● **YOUR ASSIGNMENT**:
Nothing but the lines below between the line holding "Dark Decadence - Cocktails" and the line holding "Abb. 3: Die", inclusive, should appear in the answer, each set down exactly.

● **SOURCE MATERIAL**:
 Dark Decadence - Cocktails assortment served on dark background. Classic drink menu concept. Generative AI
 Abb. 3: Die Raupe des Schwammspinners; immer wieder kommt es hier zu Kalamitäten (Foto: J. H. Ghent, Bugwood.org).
---
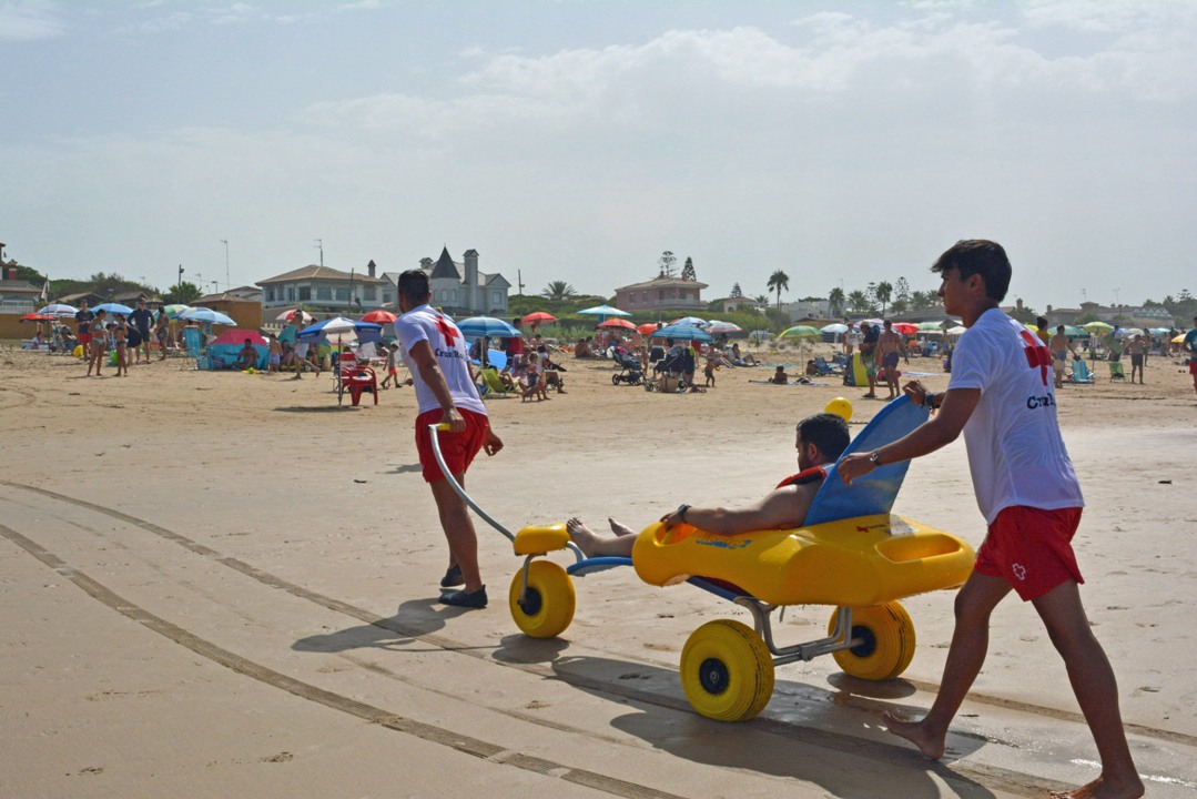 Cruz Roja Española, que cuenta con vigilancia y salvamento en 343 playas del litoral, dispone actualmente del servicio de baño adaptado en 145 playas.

● **TASK ANSWER**:
 Dark Decadence - Cocktails assortment served on dark background. Classic drink menu concept. Generative AI
 Abb. 3: Die Raupe des Schwammspinners; immer wieder kommt es hier zu Kalamitäten (Foto: J. H. Ghent, Bugwood.org).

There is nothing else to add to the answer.